Recorded information »
=-=-=-=-=

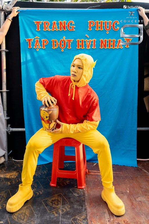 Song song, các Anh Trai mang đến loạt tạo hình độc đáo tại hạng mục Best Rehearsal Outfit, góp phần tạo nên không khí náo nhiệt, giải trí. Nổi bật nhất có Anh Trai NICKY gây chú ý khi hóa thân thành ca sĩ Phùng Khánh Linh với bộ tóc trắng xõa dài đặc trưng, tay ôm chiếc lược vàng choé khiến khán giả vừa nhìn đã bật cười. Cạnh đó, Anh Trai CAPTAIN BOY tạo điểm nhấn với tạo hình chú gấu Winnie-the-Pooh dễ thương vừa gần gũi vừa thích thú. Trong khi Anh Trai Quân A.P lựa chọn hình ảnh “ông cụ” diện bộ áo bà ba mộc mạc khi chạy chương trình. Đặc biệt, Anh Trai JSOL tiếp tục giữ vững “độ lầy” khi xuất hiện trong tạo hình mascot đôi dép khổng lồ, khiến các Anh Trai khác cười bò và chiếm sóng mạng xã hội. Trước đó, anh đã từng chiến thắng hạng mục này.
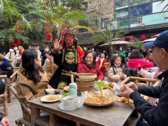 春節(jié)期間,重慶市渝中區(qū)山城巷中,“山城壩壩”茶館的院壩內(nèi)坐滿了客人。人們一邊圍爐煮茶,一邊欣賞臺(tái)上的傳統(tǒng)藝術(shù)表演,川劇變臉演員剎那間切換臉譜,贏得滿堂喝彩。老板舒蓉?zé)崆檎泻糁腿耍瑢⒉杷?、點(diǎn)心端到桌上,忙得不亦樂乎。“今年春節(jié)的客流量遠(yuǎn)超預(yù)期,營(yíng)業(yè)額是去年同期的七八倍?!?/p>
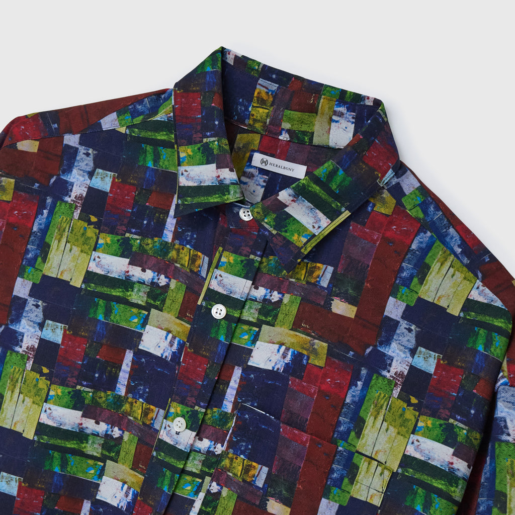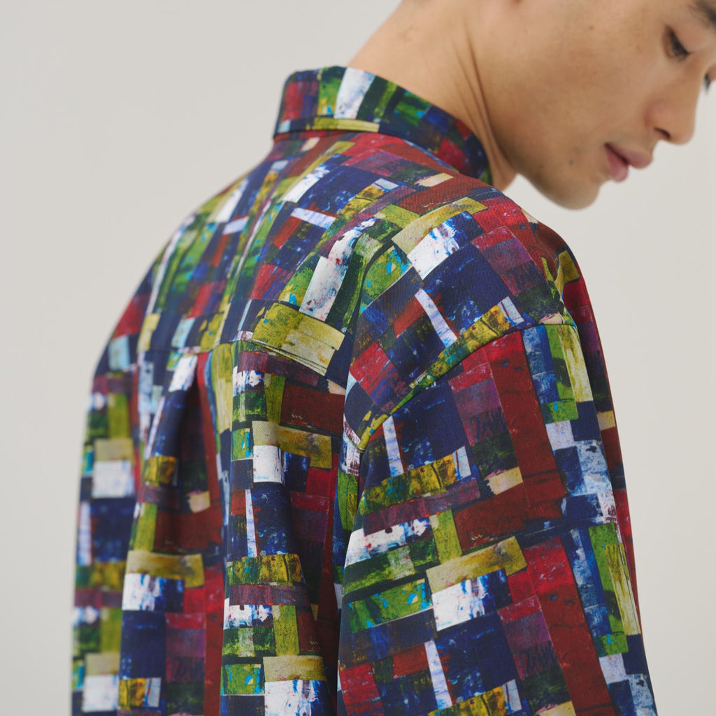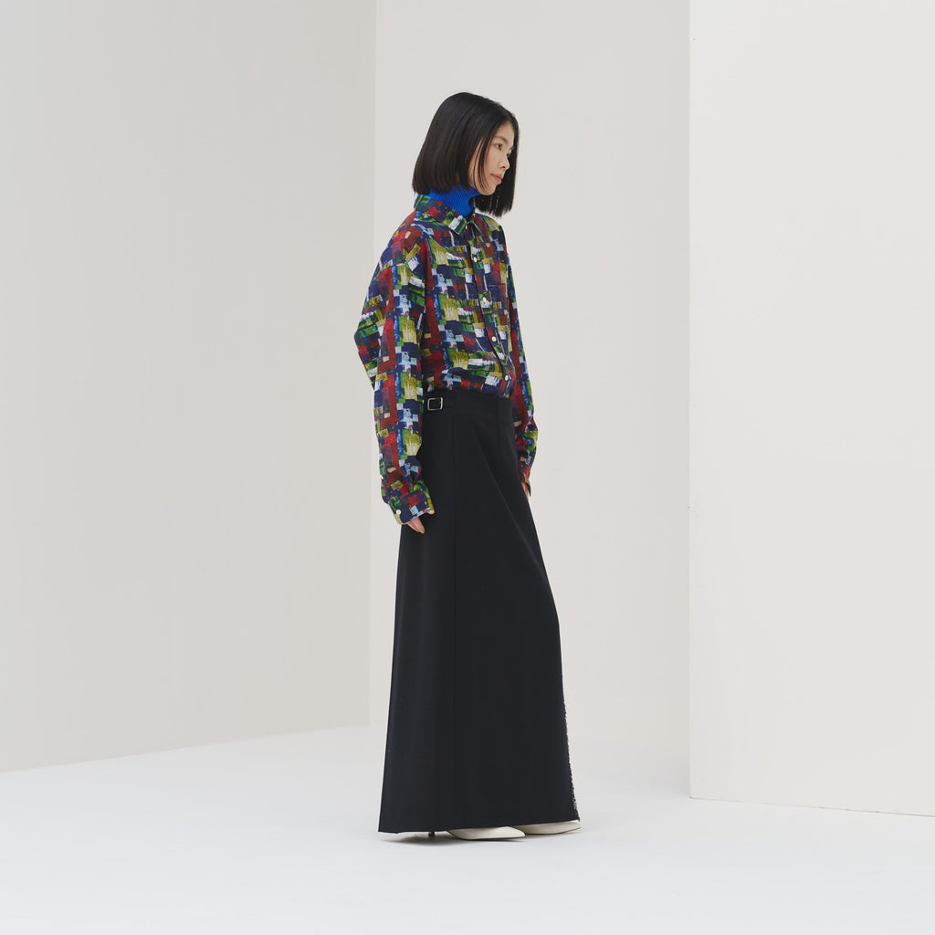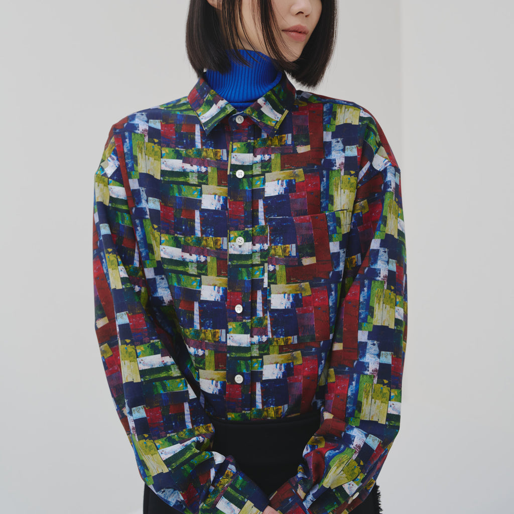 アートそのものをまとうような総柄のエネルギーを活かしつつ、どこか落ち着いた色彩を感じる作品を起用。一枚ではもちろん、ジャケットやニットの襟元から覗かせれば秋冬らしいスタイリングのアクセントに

=-=-=-=-=

Work to be completed »
Pictures are to be left out; otherwise, copy exactly each line from the one containing "春節(jié)期間,重慶市渝" through the last line of the listing.

Finished task »
 春節(jié)期間,重慶市渝中區(qū)山城巷中,“山城壩壩”茶館的院壩內(nèi)坐滿了客人。人們一邊圍爐煮茶,一邊欣賞臺(tái)上的傳統(tǒng)藝術(shù)表演,川劇變臉演員剎那間切換臉譜,贏得滿堂喝彩。老板舒蓉?zé)崆檎泻糁腿耍瑢⒉杷?、點(diǎn)心端到桌上,忙得不亦樂乎。“今年春節(jié)的客流量遠(yuǎn)超預(yù)期,營(yíng)業(yè)額是去年同期的七八倍?!?/p>
 アートそのものをまとうような総柄のエネルギーを活かしつつ、どこか落ち着いた色彩を感じる作品を起用。一枚ではもちろん、ジャケットやニットの襟元から覗かせれば秋冬らしいスタイリングのアクセントに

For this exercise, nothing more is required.